### Data collection

Hubei Province, located in the center of China and north of the Dongting Lake, has a population of more than 58 million. Hubei is known as the “province of thousands of lakes”. Except the main stream of the Yangtze River and Han River, there are 4228 rivers and 755 lakes in the province. The large water areas provide an easy spread of *Shigella spp*. Therefore, it is of great value to study shigellosis transmissibility in Hubei Province, China.

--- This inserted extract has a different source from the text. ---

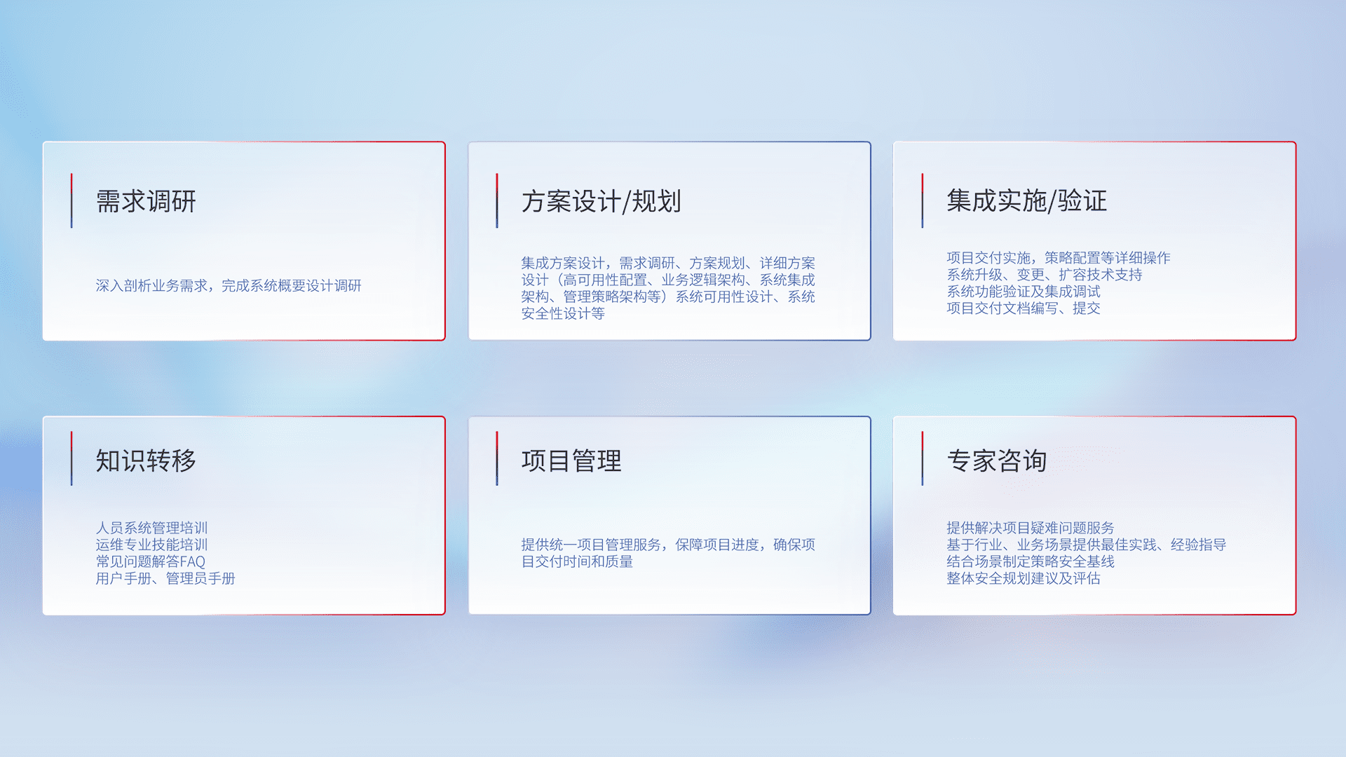 针对客户行业特性,,将宏观的安全战略和需求,,,,通过专业的交付服务,,,,实现项目落地,,,为客户提供标准规范的集成交付服务。。

In this study, we used the dataset of reported shigellosis cases that was built from January 2005 to December 2017 in the province. The sex, age, illness onset date, and diagnosis date of each case was included in the data. Incidences of 12 urban areas (including 7 central districts in Wuhan City and 5 districts in Yichang City) and 14 rural areas (including 5 outer suburbs districts in Wuhan City, and 8 counties or county-level cities in Yichang City) from 2005 to 2017 were collected to compare the difference between urban and rural areas. All the cases were collected from the China Information System for Disease Control and Prevention. All the cases were identified following the case definitions from “Diagnostic criteria for bacterial and amoebic dysentery (WS287-2008)” announced by the National Health Commission of the People’s Republic of China:

- A)
Suspected cases: Diarrhea, with purulent or mucous stool or watery stool or sparse stool, accompanied by severe symptoms after internal emergencies, has not yet been identified form other causes of diarrhea.

- B)
Clinically diagnosed cases: A patient who has the following 4 items: 1) unclean diet and/or contact history with dysentery patients; 2) sudden onset, chills and high fever, followed by abdominal pain, diarrhea and internal urgency, severe defecation 10 to 20 times a day, but not much, purulent stool, and moderate systemic poisoning symptoms; or severe symptoms like convulsions, headache, systemic muscle ache, dehydration and electrolyte disorders, may have left lower abdominal tenderness with bowel ringing hyperactivity; 3) routine stool examination showed that white blood cells or pus cells > = 15/HPF (400 folds), erythrocyte and phagocyte could be seen; 4) excluding diarrhea caused by other causes.

- C)
Confirmed cases: *Shigella spp* was tested positive by fecal culture from clinical diagnosis of cases.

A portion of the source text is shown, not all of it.